Tuesday, August 2, 2011

Julie, Julia and I

I was just watching Julie and Julia, about a woman who decides to challenge herself to cook her way through Julia Child's cook book. Julie, wants to cook, wants to write and feels trapped in her job. There's this one scene in the book where Julie goes out to lunch with her college friends and everyone around her seems impeccably well dressed and put together with high flying careers which they adore. And Julia feels like she's wasted her life. Like she's failed herself. Because essentially they all had the same opportunities and they started together at the start line (they were all in college together). And if she's not happy with the way things have panned out, she has nobody to blame but herself.

Some days I feel like that. Lately I'm inundated with the feeling of 'what the fuck am I doing'. I've got a month off, I've got a job to go to at the end of the month, its with a fairly well known company. But I'm so damn unsatisfied. I want to feel like I'm doing something meaningful. I want to be the one that does that THING that changed the world. What's it going to be? Hell if I know.

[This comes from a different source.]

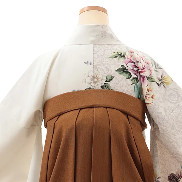卒業式袴レンタルV760 白地片身替り花×キャメルブラウン コーデュロイ

Then, when I start thinking like that I get derisive of myself. What on earth can I do that will make a difference to even my own municipality leave alone the world? Am I going to change the way the world reads or eats, or heaven's, even fart? Its pretty obvious that's a big fat NO.

I'm twenty seven years old and I'm yet to see any light on the path that I should be following in this life that God has given me. Somebody shine me a light!